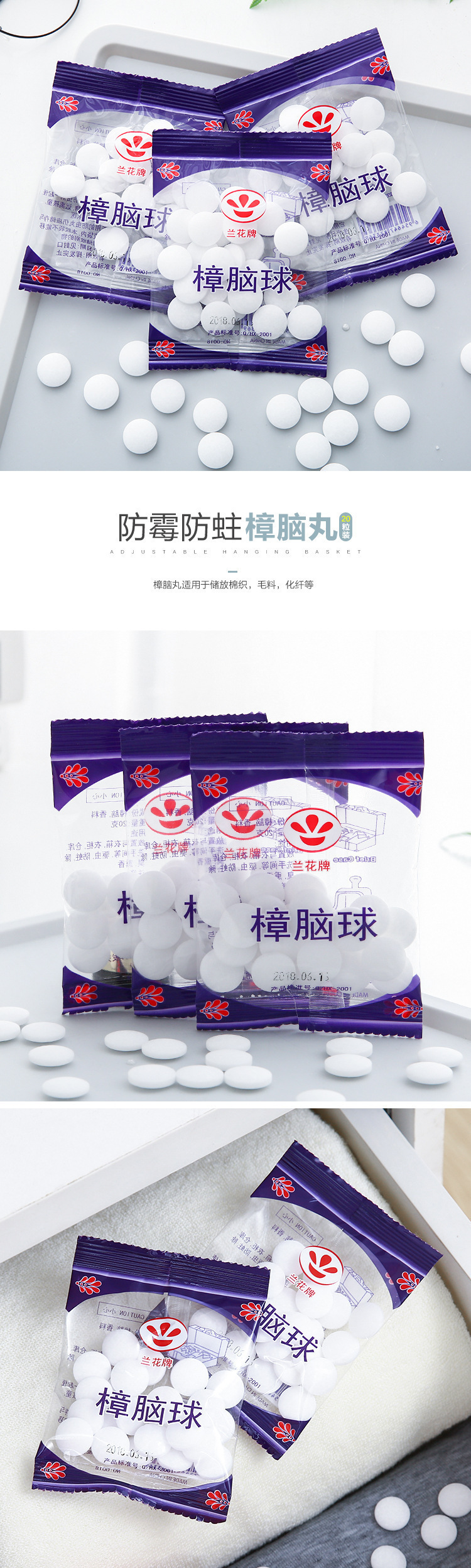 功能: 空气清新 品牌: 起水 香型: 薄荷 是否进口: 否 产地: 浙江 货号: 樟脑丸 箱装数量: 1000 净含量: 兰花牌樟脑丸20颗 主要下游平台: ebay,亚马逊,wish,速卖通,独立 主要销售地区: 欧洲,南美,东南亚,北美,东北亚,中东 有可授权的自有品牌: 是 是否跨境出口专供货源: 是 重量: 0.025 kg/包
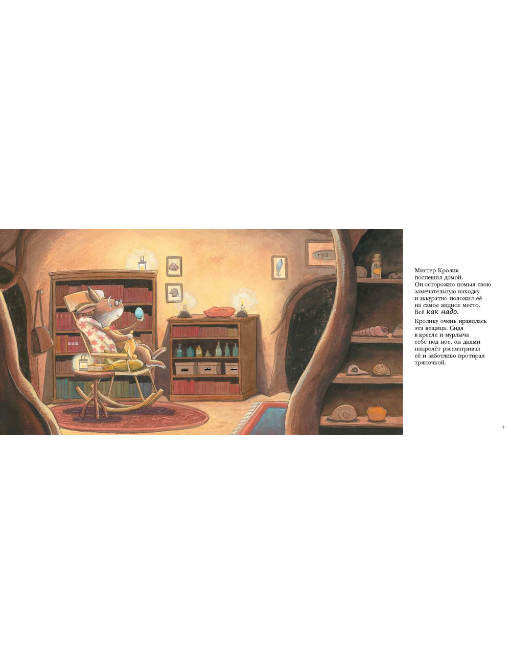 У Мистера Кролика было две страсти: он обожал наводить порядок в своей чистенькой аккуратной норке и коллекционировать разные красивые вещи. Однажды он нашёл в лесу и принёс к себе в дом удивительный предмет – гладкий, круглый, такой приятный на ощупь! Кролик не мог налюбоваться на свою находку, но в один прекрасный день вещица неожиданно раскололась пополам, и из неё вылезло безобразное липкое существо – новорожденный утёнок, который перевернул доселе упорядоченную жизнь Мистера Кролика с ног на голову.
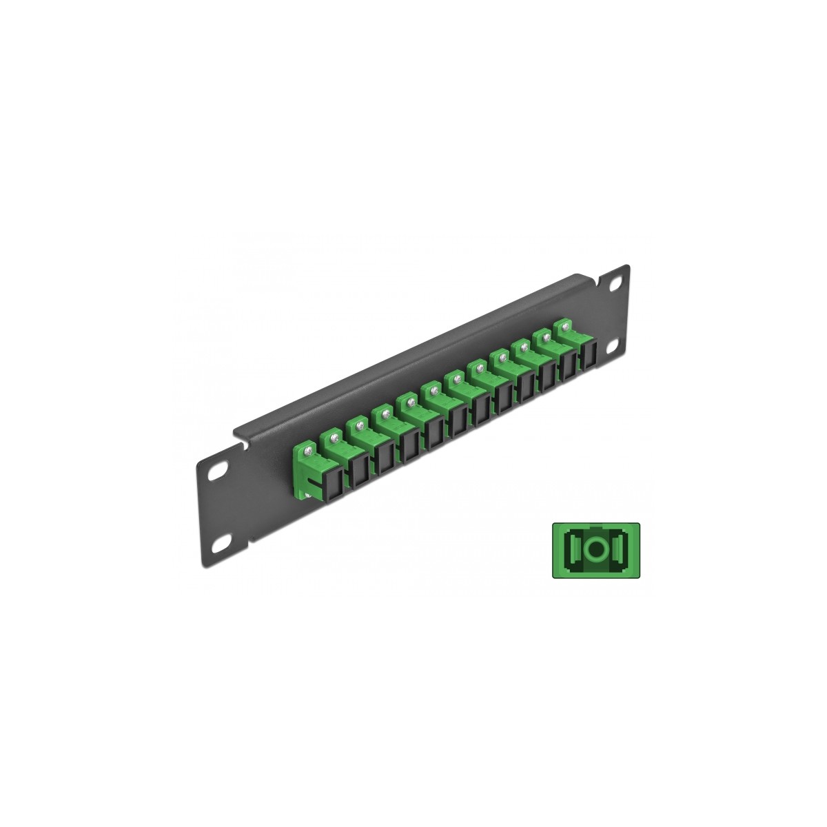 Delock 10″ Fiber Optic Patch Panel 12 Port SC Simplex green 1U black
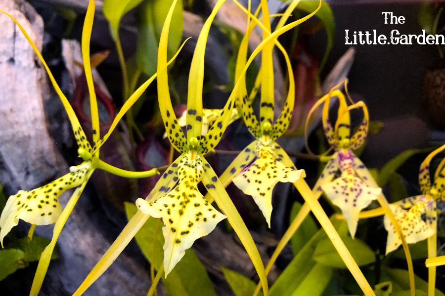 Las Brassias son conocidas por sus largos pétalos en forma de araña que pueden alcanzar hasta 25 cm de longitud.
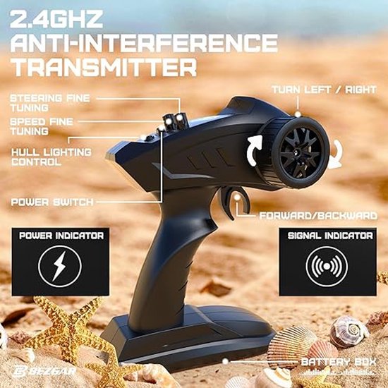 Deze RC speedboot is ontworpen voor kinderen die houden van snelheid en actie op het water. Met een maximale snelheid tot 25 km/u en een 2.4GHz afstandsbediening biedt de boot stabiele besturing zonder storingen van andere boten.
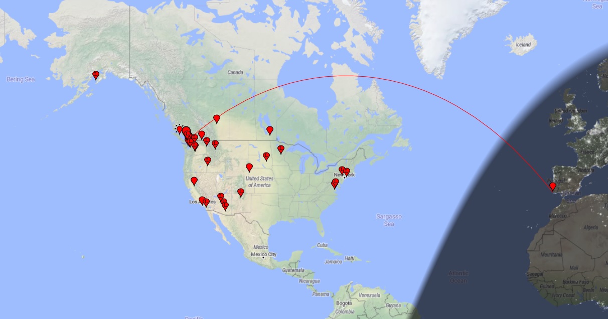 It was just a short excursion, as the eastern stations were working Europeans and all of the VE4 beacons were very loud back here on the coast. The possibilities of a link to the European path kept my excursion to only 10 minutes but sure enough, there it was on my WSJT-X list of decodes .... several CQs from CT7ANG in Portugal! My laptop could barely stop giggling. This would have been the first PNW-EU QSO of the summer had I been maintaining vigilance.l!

::::::::

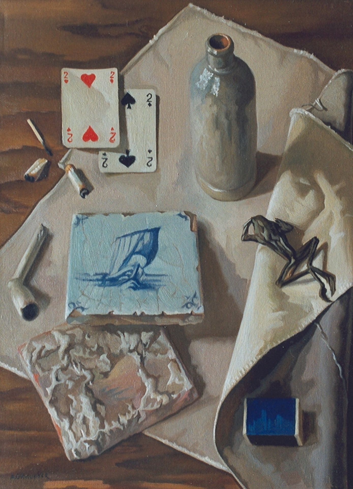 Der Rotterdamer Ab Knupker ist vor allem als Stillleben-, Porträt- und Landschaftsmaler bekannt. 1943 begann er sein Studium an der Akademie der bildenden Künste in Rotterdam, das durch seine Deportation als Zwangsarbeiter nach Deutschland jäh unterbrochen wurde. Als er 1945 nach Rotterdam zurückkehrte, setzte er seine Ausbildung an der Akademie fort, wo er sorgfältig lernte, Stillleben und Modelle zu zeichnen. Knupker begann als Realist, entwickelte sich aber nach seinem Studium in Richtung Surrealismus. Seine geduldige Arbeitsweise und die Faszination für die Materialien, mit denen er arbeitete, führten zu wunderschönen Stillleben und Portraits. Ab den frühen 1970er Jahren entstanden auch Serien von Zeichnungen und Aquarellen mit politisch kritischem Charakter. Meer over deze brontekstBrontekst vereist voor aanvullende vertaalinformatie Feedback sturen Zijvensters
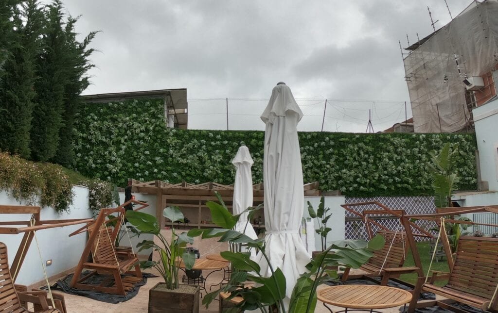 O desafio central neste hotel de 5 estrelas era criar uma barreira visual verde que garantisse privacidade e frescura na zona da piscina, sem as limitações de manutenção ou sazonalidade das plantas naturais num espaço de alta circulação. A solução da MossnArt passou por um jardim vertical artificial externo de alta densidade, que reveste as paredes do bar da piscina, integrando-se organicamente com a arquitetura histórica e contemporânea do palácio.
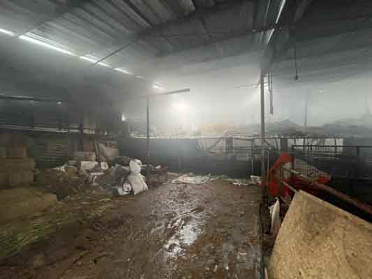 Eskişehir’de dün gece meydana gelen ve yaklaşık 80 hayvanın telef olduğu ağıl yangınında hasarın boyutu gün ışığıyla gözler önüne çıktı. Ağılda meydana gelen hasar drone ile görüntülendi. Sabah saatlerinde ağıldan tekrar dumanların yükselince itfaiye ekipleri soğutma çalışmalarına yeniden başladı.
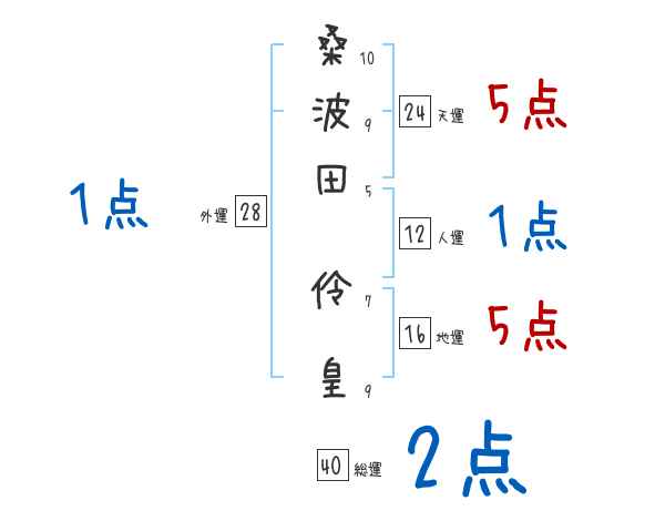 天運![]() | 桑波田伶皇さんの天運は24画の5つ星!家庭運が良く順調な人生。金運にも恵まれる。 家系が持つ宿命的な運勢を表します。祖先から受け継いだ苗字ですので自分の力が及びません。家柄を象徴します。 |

::::::::

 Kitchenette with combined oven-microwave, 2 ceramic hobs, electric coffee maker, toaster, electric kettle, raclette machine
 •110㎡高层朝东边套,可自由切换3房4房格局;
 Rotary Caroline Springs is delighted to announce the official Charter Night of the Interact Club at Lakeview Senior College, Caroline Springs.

::::::::

_ACTIVITY_: Exactly the lines above from the one with "Kitchenette with combined" to the one with "Rotary Caroline Springs", both included, are to be quoted; leave the rest out.

_RESPONSE TO THE TASK_:
 Kitchenette with combined oven-microwave, 2 ceramic hobs, electric coffee maker, toaster, electric kettle, raclette machine
 •110㎡高层朝东边套,可自由切换3房4房格局;
 Rotary Caroline Springs is delighted to announce the official Charter Night of the Interact Club at Lakeview Senior College, Caroline Springs.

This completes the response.